The young girl freely wept as the proprietor showed three men to Hopkin’s table. She disappeared into the side kitchen.
“We did it, Matthew!” George Heathcote shouted, seeing Hopkin’s expectant face. The men cheered, shaking hands all around.
“Thank god in his merciful heaven,” Hopkins audibly sighed. He called out to the proprietor. “Bring us claret. A large decanter of claret, my good man.”
“Why not two?” Sir John Crosse amended.
“Two, then!”
“Tell me—tell me everything! I’ve been waiting all day. Were there any oppositions to the proposal?” Hopkins asked.
“Oh good lord,” John Conduitt sighed, rolling his eyes dramatically. “Very little. Only Lord Erskine embarrassed himself, explaining how witchcraft was against his Scottish religion. He essentially ruined his political career today. Walpole even commented on his idiocy, calling him ‘an eccentric verging on the insane.’ Can you imagine?”
They broke out laughing.
Stemmed glasses quickly came and were filled with a lovely red Bordeaux.

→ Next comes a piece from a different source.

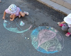 Рисуя на асфальте дети использовали разноцветные мелки создавая яркие картины и рисунки. Рисунки на асфальте дети использовали во время игр.

“I propose a toast.” Matthew Hopkins, III solemnly faced his friends, the three members of parliament who proposed the vote. “To the Age of Reason. To the Witchcraft Act of 1735. To making it a crime to claim any human being has magical powers. To making it a crime to hunt or execute citizens of Great Britain for so-called witchcraft. To outlawing cowards like my grandfather who profited off superstition and the misogyny of this great nation. Long live King George II!”
“Long live the king,” the other men raised their glasses, drinking long and deep.
“Long live the king,” whispered the serving girl, listening to the men from the kitchen’s doorway, a tiny smile lighting up her tear-stained face.